In a flowerbed, the blooming plants provide a cloud of hazy colour that softens the contours of leggy companions such as roses. Planted in a row, compact varieties form a low hedge to edge a bed or path, or trace the outline of a traditional knot garden filled with other herbs.
Perhaps the best part? Once you plant lavender, you can enjoy its fragrance – and its flavour – long after summer is gone.
How to grow it
Given a sunny, well-drained site, lavenders will thrive in dry, poor soil and even self-seed. An annual top dressing of compost and occasional watering during very dry spells is welcome, but avoid overfeeding with high-nitrogen fertilizers or rich manures. Follow the spacing recommendations on the plant tag (some lavenders spread up to 1 metre in diameter) when planting in a flowerbed, but shave off about a third of that when planting a row for a hedge. This is a good time to add new lavender to the garden; planting is recommended no later than two months before the first hard frost, to let plants get settled in.

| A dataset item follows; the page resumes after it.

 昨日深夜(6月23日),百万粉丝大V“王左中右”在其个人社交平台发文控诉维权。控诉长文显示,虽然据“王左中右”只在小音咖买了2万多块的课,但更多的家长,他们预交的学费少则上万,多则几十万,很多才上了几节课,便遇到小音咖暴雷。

Compact varieties grow happily in containers, but require a coarse potting mix that doesn't stay soggy, and you will need to water, sparingly, in the summer. In the fall, protect the roots from freezing by sinking the pot in a flowerbed for the winter or moving the potted plant into your garage until spring, then repot in fresh soil.
Harvest some or all of the flowers, if you like, or leave them all summer long. Either way, shear back lavenders by about one-third (avoid cutting into older, woody stems) each fall, leaving a compact cushion of leafy stems.